# .223 Lower Receiver



## bar-d (Feb 3, 2010)

I am thinking about doing a .223 build as a designated night hunting rifle. I have already selected the upper. A DPMS flat top with a 16" heavy chrome moly barrel. Any of you fellers know where might be a good source for a complete lower receiver assembly like a (preferably) DPMS, or Olympic, Stag, etc. etc. that might run a little less than an arm and a leg?







Any suggestions are appreciated.


----------



## El Gato Loco (Jan 15, 2010)

There are a lot of options out there for lowers, but from what I understand, very few companies actually machine their own lowers. That means most of them come from the same place.

I went on this search last year because I was going to build a couple more AR's. Unfortunately I also picked up a few whole guns, and now I don't plan to finish building these.

I found Spikes Tactical to make some great quality lowers... and they look sharp too. I would part with the black one for $100 or the color filled one for $120.

If you went this route, you would likely want to get a different trigger. I think you would be happy with the rest of it though. My FFL is out until next week, but I could ship after that if you want one.

FYI - These were logged in as "Pistol Lowers" which makes them worth a bit more from what ive seen. They can legally be used on a rifle though. Once you go rifle though, you can't go back and use them on a pistol.


----------



## bar-d (Feb 3, 2010)

Chris,
I sent you a PM.
Holler back.


----------



## Kennyd (Jan 25, 2010)

I've got a DMPS upper myself, with a Bushmaster lower. However I also have a Rock River Arms full assembly and have to say that is much better than my Bushmaster.


----------



## bar-d (Feb 3, 2010)

Kennyd said:


> I've got a DMPS upper myself, with a Bushmaster lower. However I also have a Rock River Arms full assembly and have to say that is much better than my Bushmaster.

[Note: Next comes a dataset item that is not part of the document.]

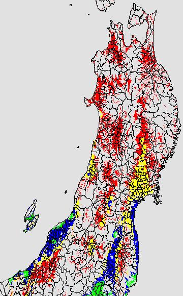 安全作期の策定にある気温指標のうち、夏作物の生育可能な気温指標10℃を用 いて表示しています。10℃以下については1℃刻みで表示し、可能域がどのように推移するかをみるものです。

What DPMS upper do you have? I am going with an A3 flat top w/16" bull barrel.


----------



## Kennyd (Jan 25, 2010)

It's an upper I won in a contest. Custom DMPS 16" bull barrel 1-9 twist. Shoots 1/2min with ease.


----------



## wilded (Feb 10, 2010)

here is where I bought mine and had it shipped to my dealer. RGUNS - DPMS 5.56mm AR-15 Lower Receivers: Select Configuration


----------



## bar-d (Feb 3, 2010)

wilded said:


> here is where I bought mine and had it shipped to my dealer. RGUNS - DPMS 5.56mm AR-15 Lower Receivers: Select Configuration


That is where I ordered my upper wilded. Bookmarked the site for future projects.


----------